The following table provides cash flow information for the six months ended June 30:
(in millions) | 2018 | 2017 | % Change | ||||||
Net cash provided by (used for): | |||||||||
Operating activities | $ | 903 | $ | 674 | 34% | ||||
Investing activities | $ | (305 | ) | $ | (124 | ) | N/M | ||
Financing activities | $ | (1,404 | ) | $ | (618 | ) | N/M |
N/M - not meaningful
In the first six months of 2018, free cash flow increased to $765 million compared to $564 million in the first six months of 2017. The increase is primarily due to an increase in cash provided by operating activities as discussed below. Free cash flow is a non-GAAP financial measure and reflects our cash flow provided by operating activities less capital expenditures and distributions to noncontrolling interest holders.
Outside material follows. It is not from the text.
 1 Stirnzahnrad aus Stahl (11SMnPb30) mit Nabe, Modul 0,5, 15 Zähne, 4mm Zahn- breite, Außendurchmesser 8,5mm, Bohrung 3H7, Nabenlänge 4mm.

Capital expenditures include purchases of property and equipment and additions to technology projects. See “Reconciliation of Non-GAAP Financial Information” below for a reconciliation of cash flow provided by operating activities, the most directly comparable U.S. GAAP financial measure, to free cash flow and free cash flow excluding certain items.
Operating activities
Cash provided by operating activities increased $229 million to $903 million for the first six months of 2018. The increase is mainly due to higher results from operations in 2018, stronger cash collections on accounts receivable in 2018 and lower estimated income tax payments in 2018 due to the reduction of the U.S. federal corporate tax rate as a result of the enactment of the TCJA, partially offset by settlement payments following the resolution of tax audits.
Investing activities
Our cash outflows from investing activities are primarily for acquisitions and capital expenditures, while cash inflows are primarily proceeds from dispositions.
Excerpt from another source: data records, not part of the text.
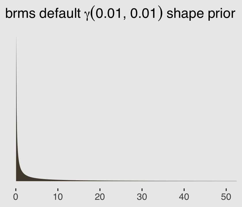 But what if you wanted to use the base R dgamma() function instead of McElreath’s rethinking::dgamma2()? Well, the dgamma() function parameterizes the gamma density in terms of shape and scale, following the equation
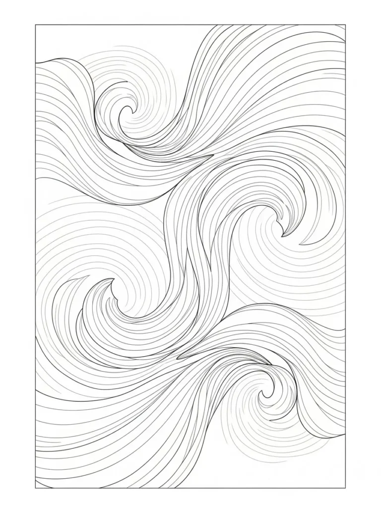 I love this page when I want something truly effortless and calming. Coloring each line slowly feels almost meditative, and I can easily get lost in the gentle repetition. Some people love bold color changes here, but I usually stick with soft gradients or a single shade and let the movement do the work. This one always helps my mind quiet down and makes coloring feel like a deep exhale.
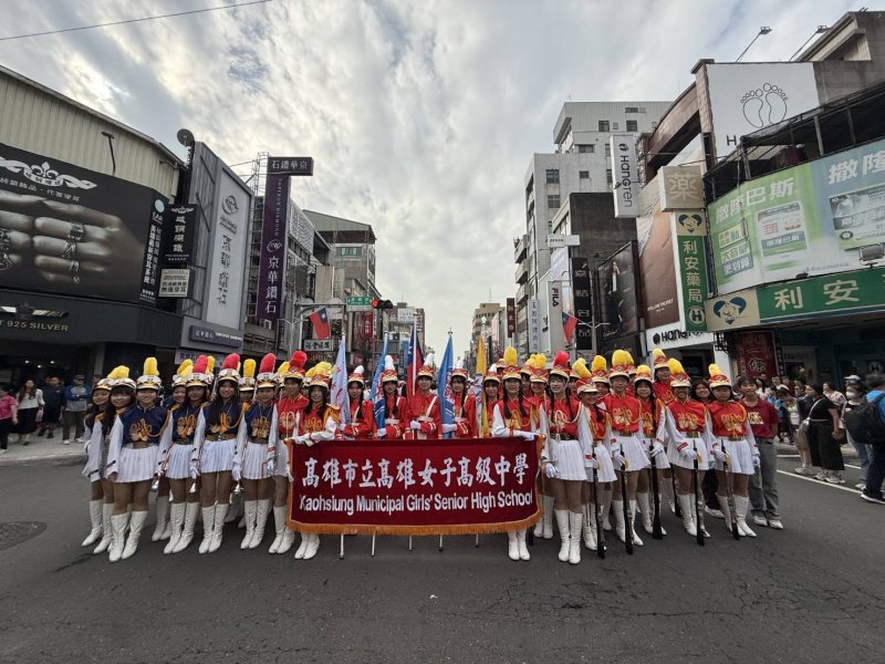 高雄女中樂儀隊以整齊劃一的隊形、精準俐落的槍法與渾厚明亮的管樂聲,展現全國高中職首屈一指的實力。該隊三年內兩度入選國防部全國高中職儀隊總決賽,管樂隊亦於全國音樂競賽連續榮獲特優,今年特別參與嘉義市「百年樂聲,共響嘉年」踩街活動,為明年6月赴美國波特蘭市代表高雄市參與玫瑰花節演出進行暖身彩排。

Cash used for investing activities increased to $305 million for the first six months of 2018 compared to $124 million in the first six months of 2017, primarily due to cash used for the acquisition of Kensho in 2018. See Note 2 — Acquisitions and Divestitures to the consolidated financial statements of this Form 10-Q for further discussion.
Financing activities
Our cash outflows from financing activities consist primarily of share repurchases, dividends to shareholders and repayments of short-term and long-term debt, while cash inflows are primarily attributable to the borrowing of short-term and long-term debt and proceeds from the exercise of stock options.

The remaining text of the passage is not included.